Control Loops The equipment being operated upon is sensitive to when a command request actually executes. An actuator, upon receiving a command (say a function code) will immediately perform the corresponding action. For several such applications, the knowledge of a successful operation is equally critical to advance to the next steps; therefore, getting the response back in a specified time is required, leading to a knowledge of timing. These types of bounded-time request and response mechanisms are called control loops. Unlike general-purpose applications, commands cannot be batched; the parameters of the command that will follow depends on the result of the previous one. Each request in the control loop takes up a minimal payload size (function code, value, device or bus address) and will often fit in a single short packet. In Detnet-enabled network, it can be imagined as a small series of packets with the same flow identifier, but with different latency constraints.

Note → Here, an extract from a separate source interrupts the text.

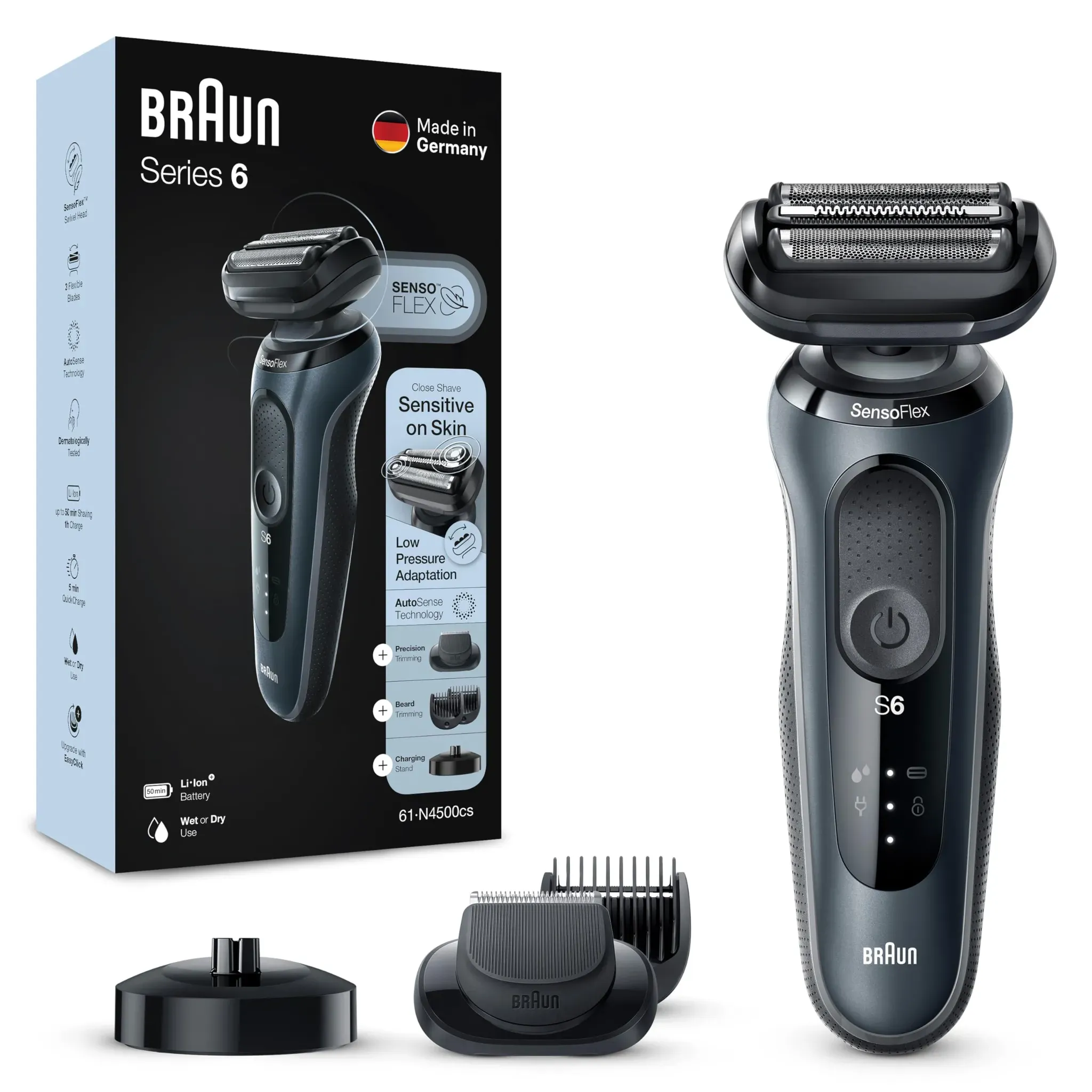 Auf Lager Versand durch AmazonBraun Series 6 Elektrorasierer mit EasyClick Barttrimmer Aufsatz, SensoFlex Rasierer Herren Elektrisch, Wet & Dry, Geschenk Mann, Made in Germany, 61-B1500s, blau
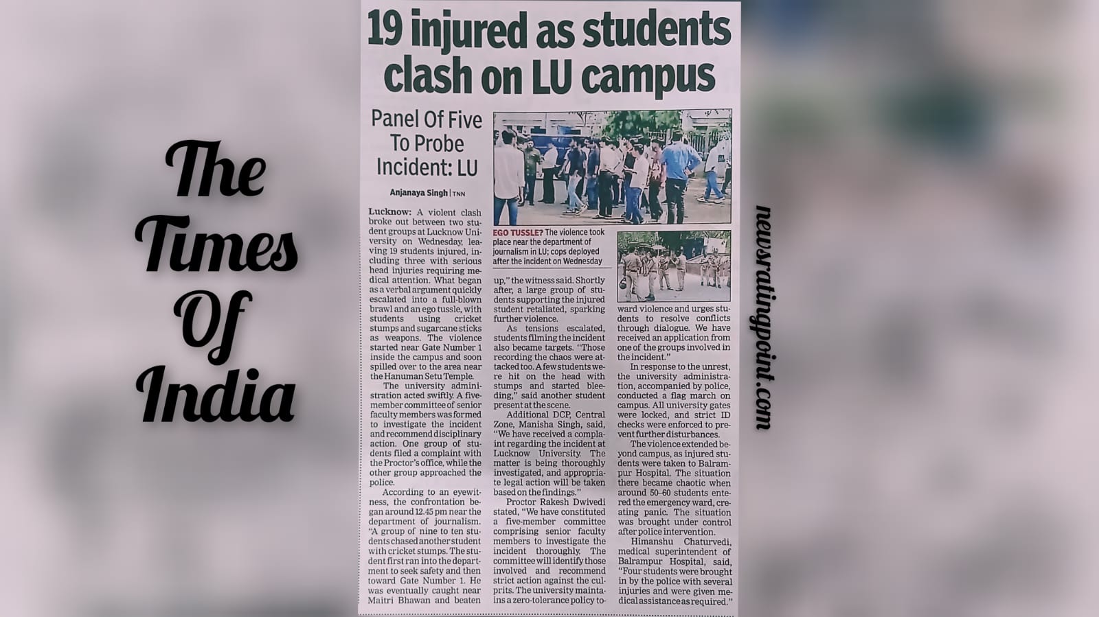 Lucknow: A violent clash broke broke out between two student groups at Lucknow University on Wednesday, having 19 students injured, including three with serious head injuries requiring medical attention. What began as a verbal argument quickly escalated into a full-blown brawl and an ego tussle, with students using cricket stumps and sugarcane sticks as weapons. The violence started near Gate Number 1 inside the campus and soon spilled over to the area near the Hanuman Setu Temple. The university administration acted swiftly. A five member committee of senior faculty members was formed to investigate the incident and recommend disciplinary action. One group of sha dents filed a complaint with the Proctor’s office, while the other group approached the police. According to an eyewitness, the confrontation began around round 12.45 pm near the department of journalism.

It is required to support control loops where each request presents its own latency constraints to the network and where commands are small sized packets.

Periodicity Sensors emit data at regular intervals; i.e., there may be more tolerance to variations in jitter between the measurement intervals. Usually, 'process controllers' or applications listening to sensor data are programmed to tolerate and record intermittent losses or delay variations upto certain number of times. Therefore, time criticality is not always high. Notably, industrial software now increasingly rely on sensor data collection to monitor the state and behavior of the entire shop floor. Thus, the number of sensors are growing and the combined traffic volume generated by sensors is expected to be very high. In fact will contribute to a large percentage of ocn traffic. Moreover, the periodicity of each sensor will also vary based on the equipment. It is required that network capacity is planned appropriately for the periodic traffic generated from the different sensors. The periodic interval should also be preserved in the network because any variations could provide false indications that the equipment is misbehaving.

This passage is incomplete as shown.